Lineages of technology in the West are diverse in their own right, and so the point here is not to make caricatures of western vs indigenous cosmotechnics. The point is to offer, however humble, that multiple lineages exist, and that by honoring and nurturing these many traditions we might comprehend our present moment with greater grace and clarity.
This is what makes me interested in the notion of Feral technology. Feral technology is a kind of practice of weaving many lineages of technology together. It invites us to imagine a paradigm of technology and computing that is not complicit with a worldview based on domestication. It doesn't work a 9-5, and its not native to corporate office parks. This is because feral technology is not a service provider, but a means to be better sense and communicate with the world we are within before its too late. It invites us to explore lineages of technology based on anything other than domesticating the world, because it turns out the technology we have built is serving people to corporate interests. What is a technology that isnt a service? What lineages of technology persist, and are not complacent with modernisms dualist edict between people and the environment?

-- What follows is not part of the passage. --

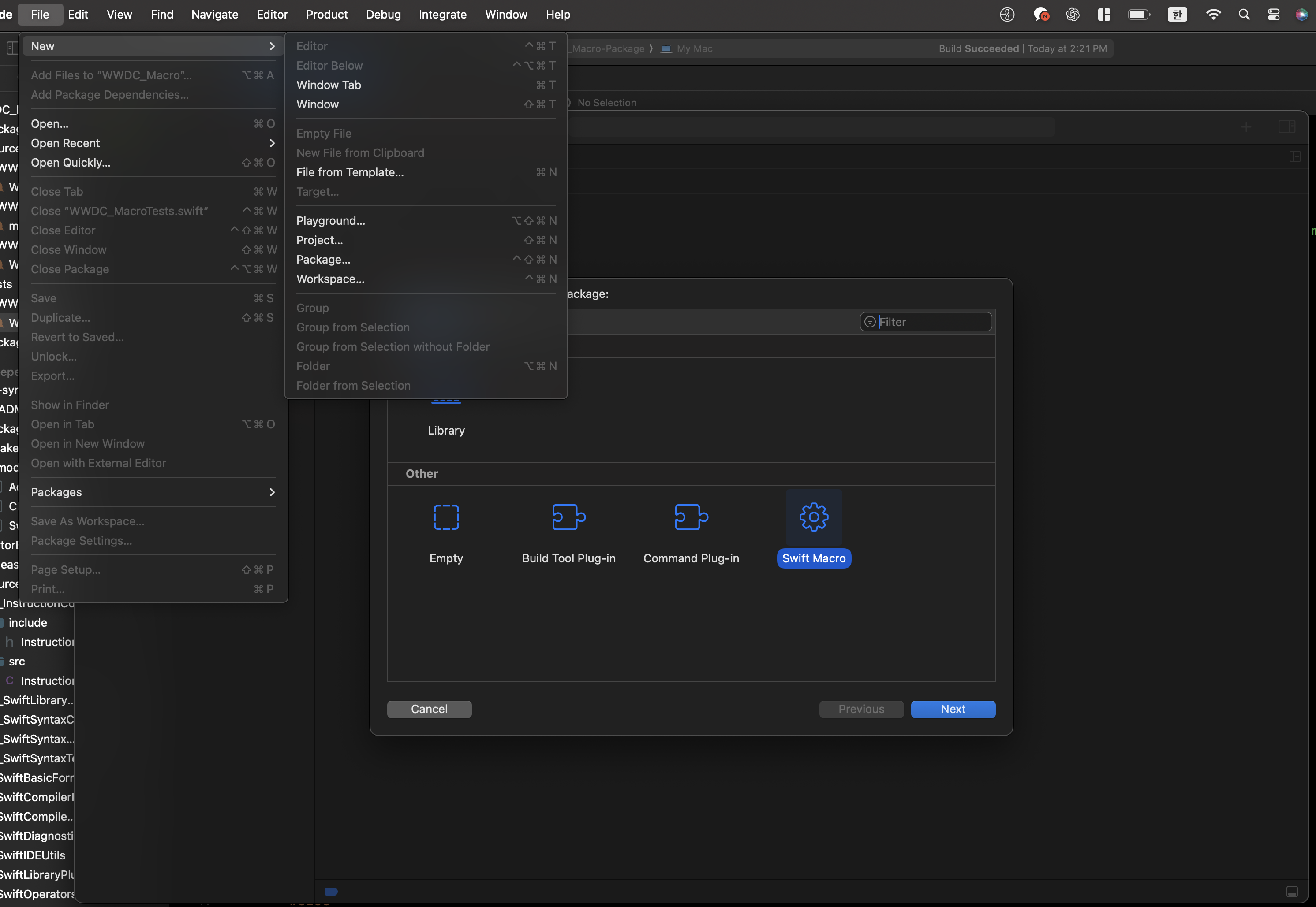Xcode -> File -> New -> Package 선택 시 Swift macro가 있습니다.

In the process, we might discover that we need a whole world of expressions to explore the degrees and shades of what we presently call artificial... because if we make it, inevitably it is alive and "natural" in some way. We can make living things—we have been for a long time. We can acknowledge that we live in a time of profound synthesis, where many lineages of technology are coming together, and celebrate the diversity of cosmologies they reflect. I think the dire conditions of our present moment require us to.

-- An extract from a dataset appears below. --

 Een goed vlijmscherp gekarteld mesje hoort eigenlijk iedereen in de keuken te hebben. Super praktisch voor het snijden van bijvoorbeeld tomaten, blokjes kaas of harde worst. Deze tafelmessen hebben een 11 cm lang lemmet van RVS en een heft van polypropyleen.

If you are interested to take a deeper dive into feral technology, check out “Queer Servers and Feral Webs”.
End Note : For the sake of brevity and tone, I’m not populating this work with the scholarly citations, but it deserves them, and I’d like to do so a longer piece in the future that pays better homage. Many people have been thinking about this.
Yuk Hui invented the term cosmotechnics, and has written on the topic thoroughly.
Claude Levi Strauss developed a great deal of in depth thinking in this domain… particularly with “sciences of the concrete”.
Eduardo Kohn explores semiotic networks of communication in Ecuador in “How Forests Think”. There are many more, but consider this a
David Graebber and David Wingrow have challenged linear mythologies of prehistory in their book “Dawn of Everything”.
What is a technology that isn’t a service? Communication and connection, perhaps?